### TASK REQUIREMENTS
Leave the pictures out, and transcribe the material below exactly from the line with "Opinion: INZ’s kneejerk" to the line with "при необходимости индивидуализируется.", both lines included.

### DATASET EXCERPTS
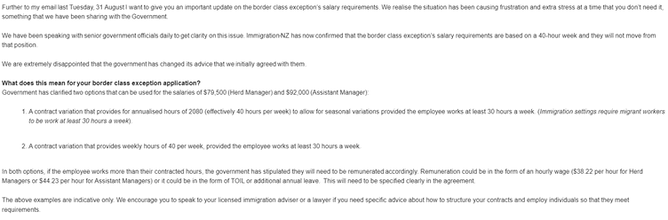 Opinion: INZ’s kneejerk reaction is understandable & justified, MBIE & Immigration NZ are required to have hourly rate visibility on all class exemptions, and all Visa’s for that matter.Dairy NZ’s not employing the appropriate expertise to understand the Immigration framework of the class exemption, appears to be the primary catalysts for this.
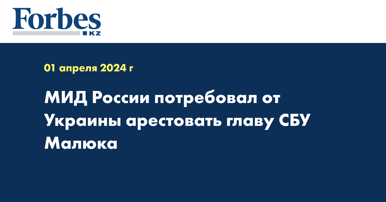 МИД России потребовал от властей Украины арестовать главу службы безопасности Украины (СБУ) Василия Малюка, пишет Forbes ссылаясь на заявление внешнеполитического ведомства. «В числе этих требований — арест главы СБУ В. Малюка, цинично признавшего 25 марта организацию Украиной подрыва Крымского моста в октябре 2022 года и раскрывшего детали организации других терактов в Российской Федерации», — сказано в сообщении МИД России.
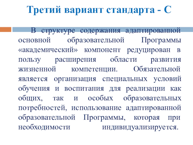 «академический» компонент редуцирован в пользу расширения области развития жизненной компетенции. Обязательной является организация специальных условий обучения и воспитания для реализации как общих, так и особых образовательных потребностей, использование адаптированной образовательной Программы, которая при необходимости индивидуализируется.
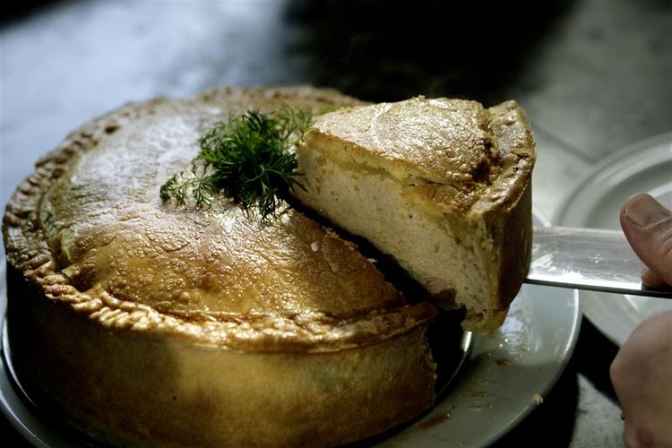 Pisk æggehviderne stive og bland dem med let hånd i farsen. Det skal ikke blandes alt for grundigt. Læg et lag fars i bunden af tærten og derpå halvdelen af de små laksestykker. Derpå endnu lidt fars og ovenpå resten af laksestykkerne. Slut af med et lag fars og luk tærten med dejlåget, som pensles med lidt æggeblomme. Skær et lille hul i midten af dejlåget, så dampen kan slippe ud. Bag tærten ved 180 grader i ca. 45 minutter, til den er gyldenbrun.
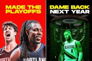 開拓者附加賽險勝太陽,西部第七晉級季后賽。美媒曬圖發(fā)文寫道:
* * *
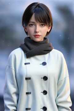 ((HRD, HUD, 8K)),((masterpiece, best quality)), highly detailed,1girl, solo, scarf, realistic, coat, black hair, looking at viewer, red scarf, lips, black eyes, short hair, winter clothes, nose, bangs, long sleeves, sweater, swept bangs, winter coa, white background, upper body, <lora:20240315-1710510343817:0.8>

### YOUR SOLUTION
 Opinion: INZ’s kneejerk reaction is understandable & justified, MBIE & Immigration NZ are required to have hourly rate visibility on all class exemptions, and all Visa’s for that matter.Dairy NZ’s not employing the appropriate expertise to understand the Immigration framework of the class exemption, appears to be the primary catalysts for this.
 МИД России потребовал от властей Украины арестовать главу службы безопасности Украины (СБУ) Василия Малюка, пишет Forbes ссылаясь на заявление внешнеполитического ведомства. «В числе этих требований — арест главы СБУ В. Малюка, цинично признавшего 25 марта организацию Украиной подрыва Крымского моста в октябре 2022 года и раскрывшего детали организации других терактов в Российской Федерации», — сказано в сообщении МИД России.
 «академический» компонент редуцирован в пользу расширения области развития жизненной компетенции. Обязательной является организация специальных условий обучения и воспитания для реализации как общих, так и особых образовательных потребностей, использование адаптированной образовательной Программы, которая при необходимости индивидуализируется.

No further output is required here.